Mensen uit het kamp ‘onterecht’ zoeken nu in grote getale hun heil bij alternatieven voor Twitter en Facebook: Parler, Gab, MeWe, BitChute, Rumble zijn daar een paar van. Maar daarover later meer.

Maatschappelijke verantwoordelijkheid

Socialmediabedrijven die zo groot zijn als bijvoorbeeld Facebook, met heel veel gebruikers (2,7 miljard wereldwijd) en nog meer berichten, hebben wat mij betreft ook een bepaalde maatschappelijke verantwoordelijkheid. Wat zij met hun bedrijf wel en niet doen, heeft impact op onze samenleving. Welke huisregels hanteren ze om de vrede te bewaren? En handhaven ze die ook consequent? Overheden oefenen daarom ook druk uit op die bedrijven om berichten met nepnieuws, haat, bedreiging, racisme en pesterijen van hun platforms te verwijderen. Die verantwoordelijkheid voelen Facebook-eigenaar Mark Zuckerberg en de zijnen kennelijk steeds meer, gezien de recente acties die ze ondernomen hebben.

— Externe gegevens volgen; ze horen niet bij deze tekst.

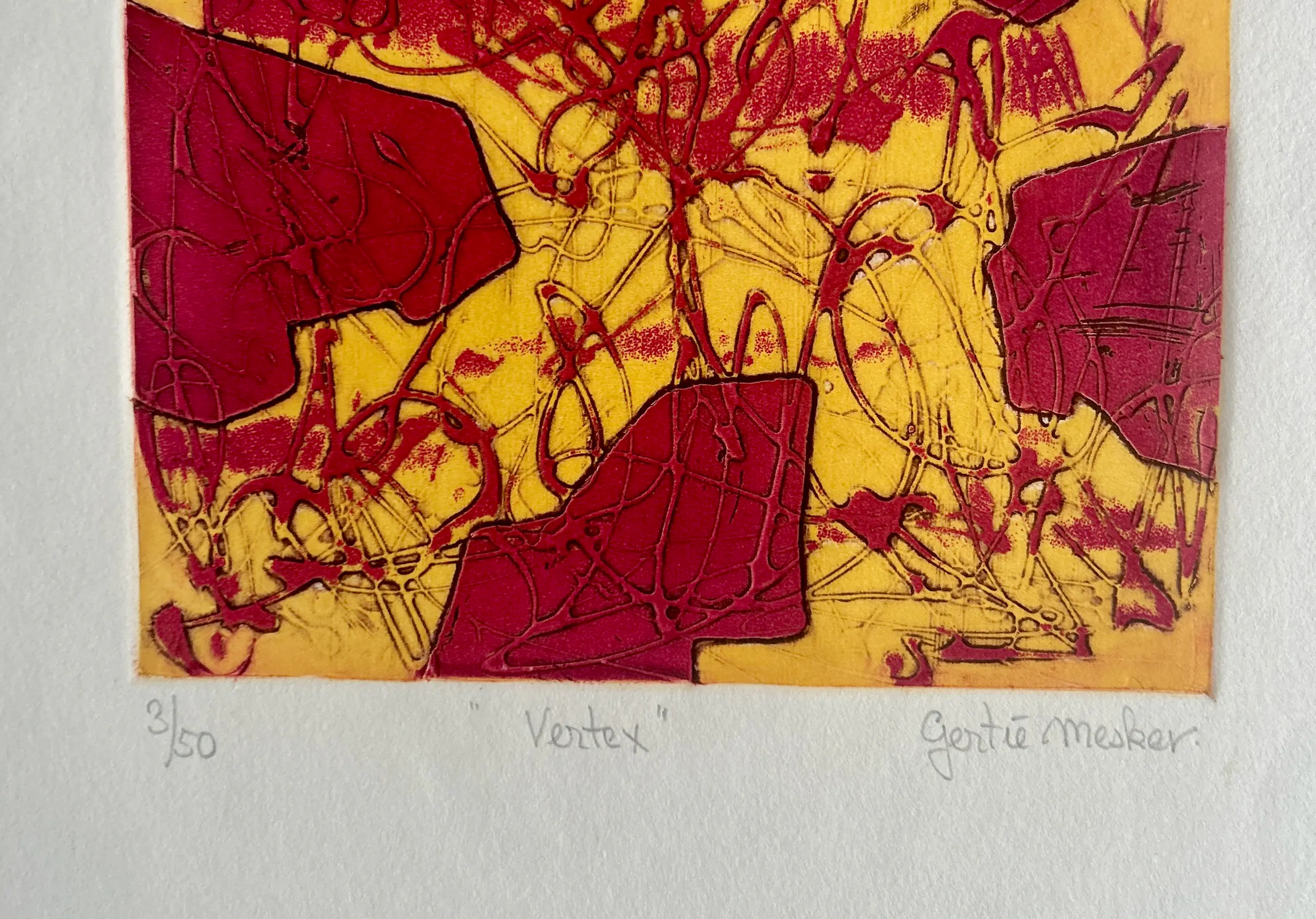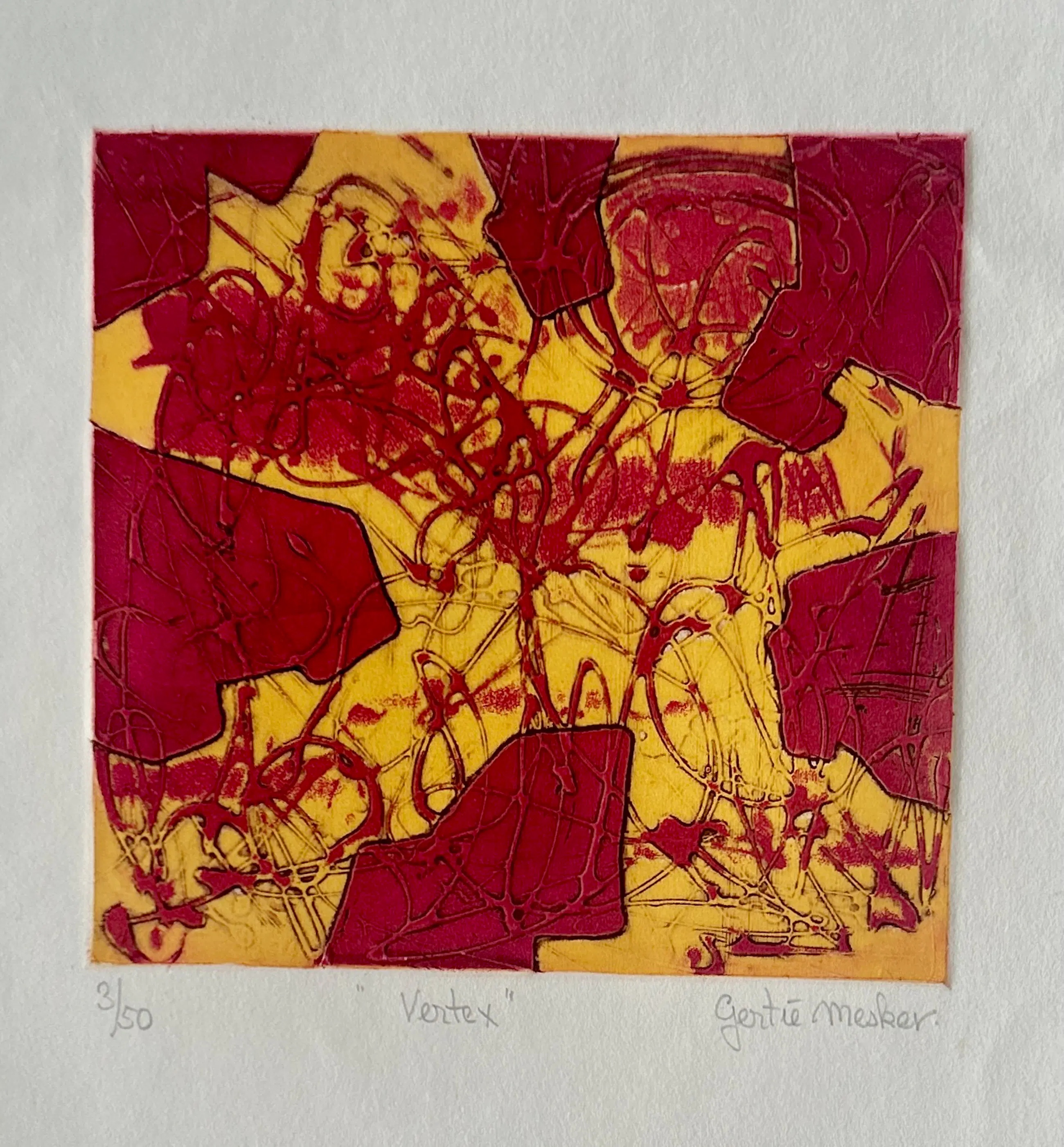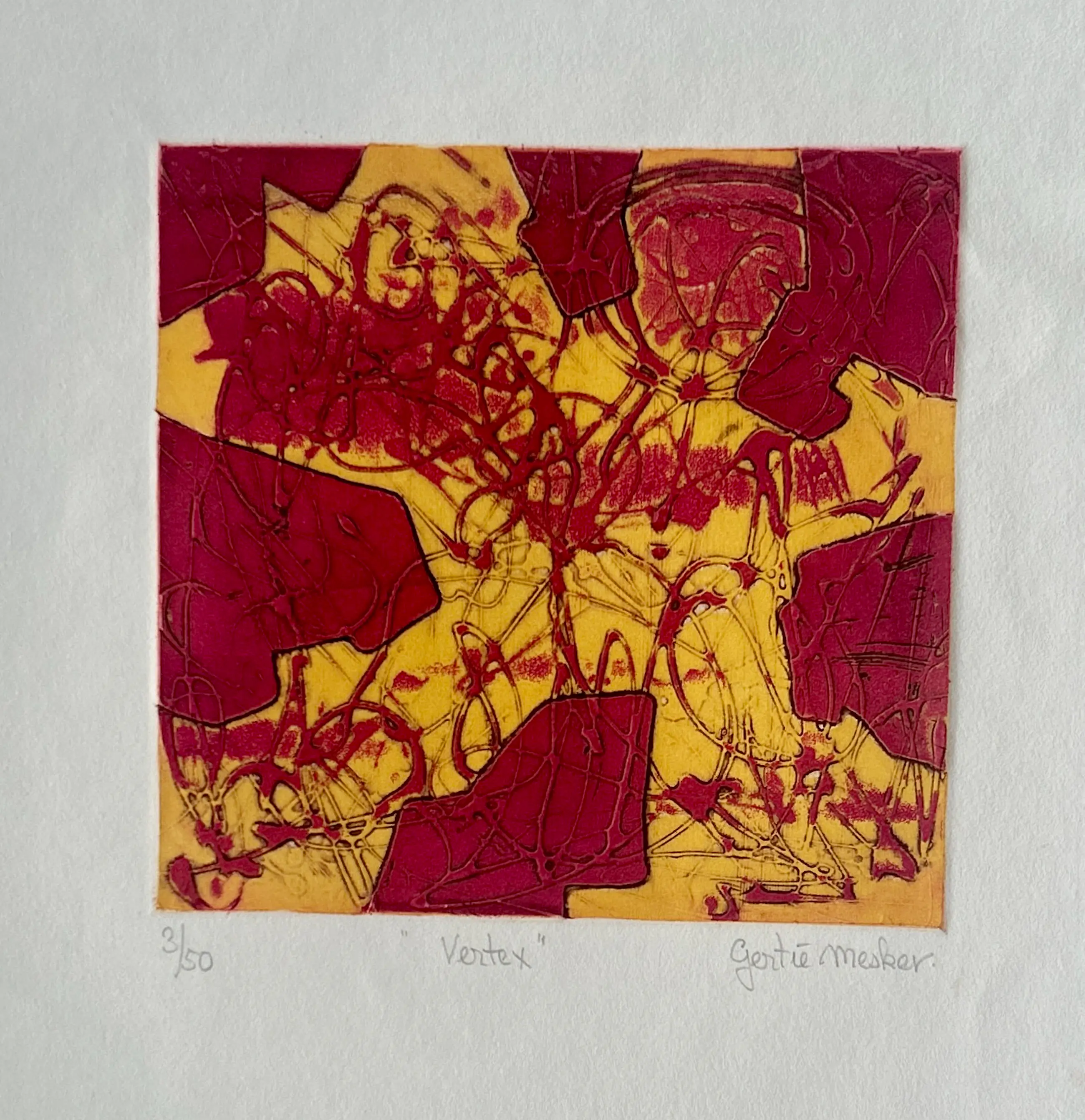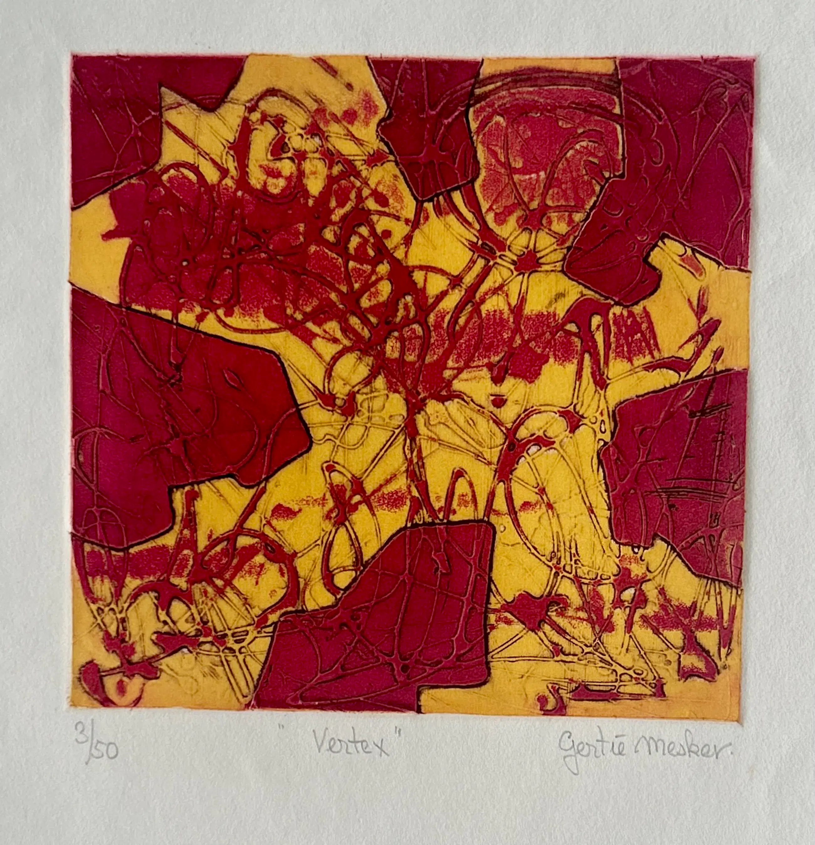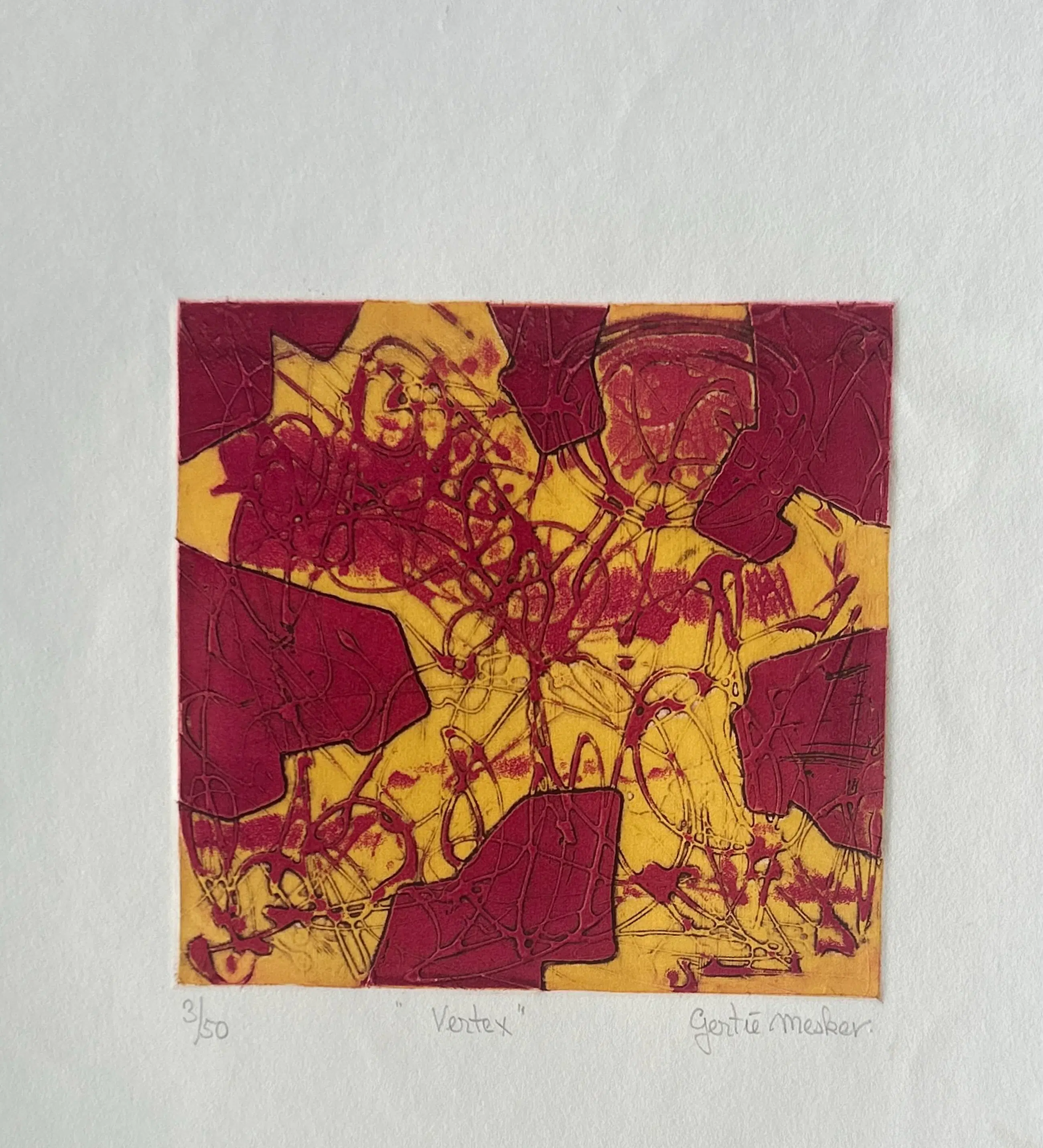 Conditie: zeer goed. Vel heeft lichte deukjes en vlekje, zie foto's. Oplage: 3/50. Afmeting: afbeelding 19 x 19 cm. Wordt zorgvuldig verpakt en verzekerd verzonden.

Maatregelen van de big tech

Al eerder in 2020 werd Twitter steeds alerter op nepnieuws. Het bedrijf kondigde in oktober 2020 aan (tijdelijke) maatregelen te nemen tegen de verspreiding van misinformatie. Dit in het kader van de komende Amerikaanse verkiezingen. Zo kon je niet meer zo snel iets retweeten als ervoor. Ook voegde Twitter meldingen toe aan tweets van Trump over de Amerikaanse verkiezingen die feitelijke onjuistheden bevatten. Sommige tweets verdwenen helemaal. Ook accounts die misinformatie publiceerden, werden uit de lucht gehaald. Na de bestorming van het Capitool op 6 januari 2021 en de berichten die Trump daarover verspreidde, was de maat vol voor Twitter en werd het complete account verwijderd.

Zuckerberg besloot op 7 januari 2021 dat Trump in elk geval twee weken zijn Facebook- en Instagram-account niet mag gebruiken en is net als Twitter ook al een tijd bezig om misinformatie te labelen en/of te verwijderen. Net als Twitter wordt als reden opgegeven het oproepen tot geweld door Trump. Ook YouTube (eigenaar: Google/Alphabet) heeft in december nieuw beleid ingevoerd over misinformatie over de verkiezingen (dus niet per se over andere misinformatie).

Natuurlijk kun je het erover hebben of deze big tech-bedrijven hiermee de juiste stappen hebben gezet. Superinteressant, maar voer voor een apart blog.

Nog meer polarisatie

Gevolg van de stappen: mensen die het onterecht vinden, verhuizen naar andere kanalen, waar ze in hun eigen bubbel kunnen delen wat ze willen zonder gecensureerd te worden. Zoek maar eens op Twitter naar berichten met ‘parler’. Gevolg daarvan: nog meer polarisatie, want we zien steeds minder van de bubbel van de ander waardoor we ons ook steeds minder kunnen inleven in elkaar. En dat blijft niet beperkt tot de online wereld, hebben we in Washington DC gezien.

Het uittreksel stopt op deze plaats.